The faces of the portraits in the next room then welcomed us from every easel – current UD football players, dignitaries and friends. The person that I come to understand said that Raymond he first began painting when he was 12, when he attended workshops at the Flint Institute of the Arts. Each class cost thirty cents.

Raymond stared deeply into one of his paintings. “I would love to make one great painting someday,” he said, “one that my wife would look at and say, 'That's wonderful.'”

To this day, I do not know if he ever made that painting.


* * * *


Harold R. “Tubby” Raymond died on Dec. 8, 2017 after a short illness, at the age of 92.

In January, a memorial service was held for him at the Bob Carpenter Center that drew over 1,000 attendees, that ranged from University of Delaware football fans to Vice President Joe Biden to former NFL players to former players who only managed to reach the second string.

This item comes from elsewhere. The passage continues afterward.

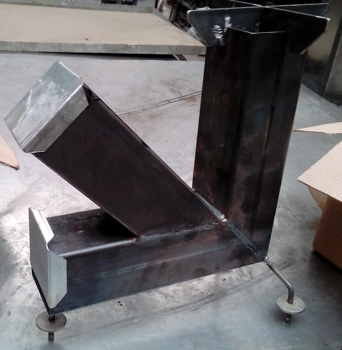 На выходных решили сделать ракетную печку для рыбалки. Дело в том, что каждой весной вводится запрет на разведение костров. У нас основная рыбацкая база находится на острове, но и там могут штрафануть запросто. Юридически запрет распространяется на всю территорию, а аргументировать тем, что мы окружены водой смысла нет. Инспектора нынче с логикой не дружат. Предварительно обсуждая конструкцию столкнулись с вопросом: в какой зоне должны находится дрова во время топки? Решили проверить экспериментально. Нашлись обрезки профильных труб 80х80 длиной около 300 мм. из которых сварили такую конструкцию: Крышки на дровяной отсек и на поддувало сделали из обычной оцинковки 0,5 мм. Пружинящие загибы крышки крепко держат и при необходимости легко снимаются. В городе как раз шла санитарная вырубка веток березы, там и набрали веток на дровишки. В дровяной отсек загрузили ветки и с поддувала газеткой легко зажгли печку. Печка разгорелась довольно быстро и появился характерный рев пламени. Крышкой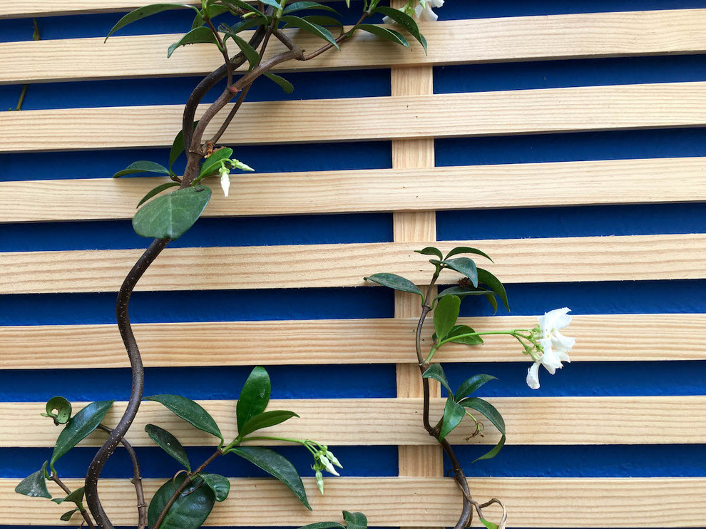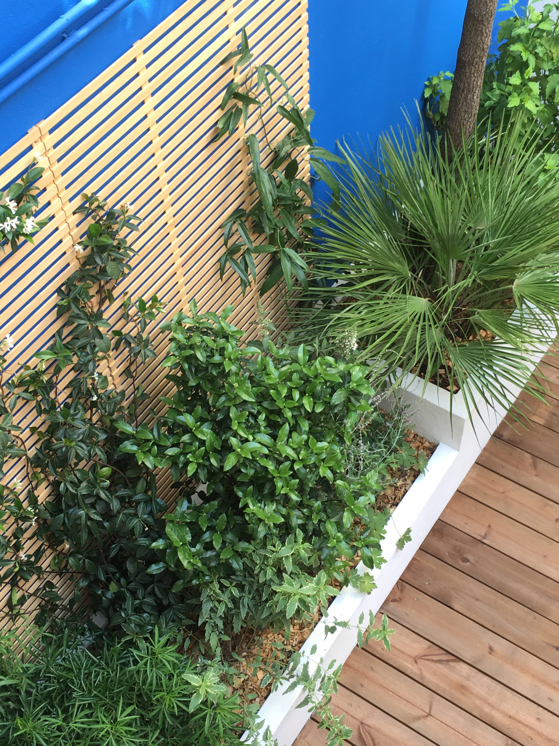 En partie haute, on a redonné un coup de jeune au bac béton avec de la peinture blanche et un treillage en pin à fines lattes horizontales. Ce dernier est à la fois graphique et utile puis qu’il permet de palisser des plantes grimpantes et odorantes : le jasmin étoilé et la clématite armandii à la belle floraison blanche, précoce en saison.

“My dad was my father. He's your father,” David Raymond told the audience. “My dad was my coach. He was your coach. My dad was my family's hero. He loved this place. And he loved each and every one of you. He is here today. He'll always be.”

Throughout the service, Raymond was called “a leader of men,” “a legend,” and “the common denominator” that connected several generations of Blue Hen players he coached.

“It is an honor to be referred to as one of Tubby's players,” said Biden, who played on the 1961 freshman team that Raymond coached. “There's not many things in life where merely by being identified with a man or a woman, you gain prestige. I mean that sincerely. Think about it, those of you who played for Tubby.

“I was one of Tubby's guys. It matters.”

During the ceremony, Philadelphia-based guitarist Camille Peruto sang “Turn! Turn! Turn!,” a song written by Pete Seeger and later made famous by The Byrds. Seeger's lyrics are taken almost verbatim from the Book of Ecclesiastes:

A time to build up, a time to break down
A time to dance, a time to mourn
A time to cast away stones, a time to gather stones together


It was one of Raymond's favorite songs.

From 2002 to 2012, K.C. Keeler, now the head football coach at Sam Houston State, served as Raymond's heir apparent. While at UD, he coached the Blue Hens to a Division I-AA College Football Championship in 2003, and an appearance in the championship game the following year. On his former office wall at UD was a framed photograph of Keeler and Raymond, taken on the evening of Keeler's first game as UD head coach.

Keeler stared at the photograph from his desk.

“Tubby Raymond was more than a football coach,” he told me. “He has lived this amazing life. The old saying goes, 'Never follow a legend,' but I took that as a challenge. The truth is, he made it all possible for me.

“He made a lot of things possible for a lot of young men. He gave us all a chance to shine.”